Van Aert Out Of The Tour de France As An Infected Elbow Wound Ends His Build-Up
Wout van Aert will not ride the 2026 Tour de France, his team has confirmed, after a persistent elbow injury failed to clear in time for the Grand Depart. It is a hugely significant withdrawal for Visma-Lease a Bike and for Jonas Vingegaard, who arrives at the race chasing the rare Giro d'Italia–Tour de France double.
The root of the problem is an infection on an elbow wound the Belgian sustained in a training crash before the Tour Auvergne-Rhone-Alpes. Van Aert abandoned that race and then skipped the start of the team's pre-Tour training camp earlier this week, two warning signs that had already raised serious concern about his condition. With the wound failing to heal cleanly, the team have now made the call to leave him out of their selection entirely.
For years, Van Aert has been one of Visma's most decisive figures at the Tour, his value reaching far beyond his own results.
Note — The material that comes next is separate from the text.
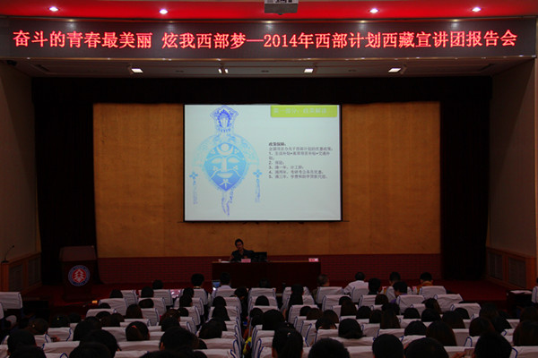 5月8日,西部计划西藏宣讲团报告会在我校学术报告厅顺利举行,参加此次会议的领导有党委书记夏季亭、学工部部长龙新良、团委副书记王鹏飞,我校志愿者代表参加西部计划西藏宣讲团报告会。

As a deluxe domestique he was central to Vingegaard's two yellow jerseys, controlling the bunch, covering moves across every kind of terrain and appearing in the decisive moments of the GC battle. Replacing that breadth of capability at short notice is close to impossible.
His record in the race underlines the loss. Across his Tour appearances the Belgian has collected time-trial victories, high-mountain stage wins and bunch sprints alike — a versatility almost unique in the modern peloton. In 2021 he famously won a mountain stage, a time trial and a sprint in the same edition, a feat that placed him in a very select group in the sport's history.
Van Aert has also delivered some of the race's most memorable individual moments, none more so than his win on the final stage of the 2025 Tour in Paris after a high-level duel with Tadej Pogacar, a finish that confirmed his status as a clutch performer under maximum pressure. Losing a rider of that calibre, capable of winning on any profile while still doing the bulk of the protective work, leaves a structural hole in the squad.
The timing could hardly be worse. Visma have built their entire anti-Pogacar model around having both Vingegaard and Van Aert on the road and on form, and the team must now reshuffle their plans around the Dane and his remaining lieutenants with the Grand Depart fast approaching. With Pogacar already looking imperious at the Tour de Suisse, the Belgian's absence sharpens the sense that the challenge to the world champion in July has just become significantly harder.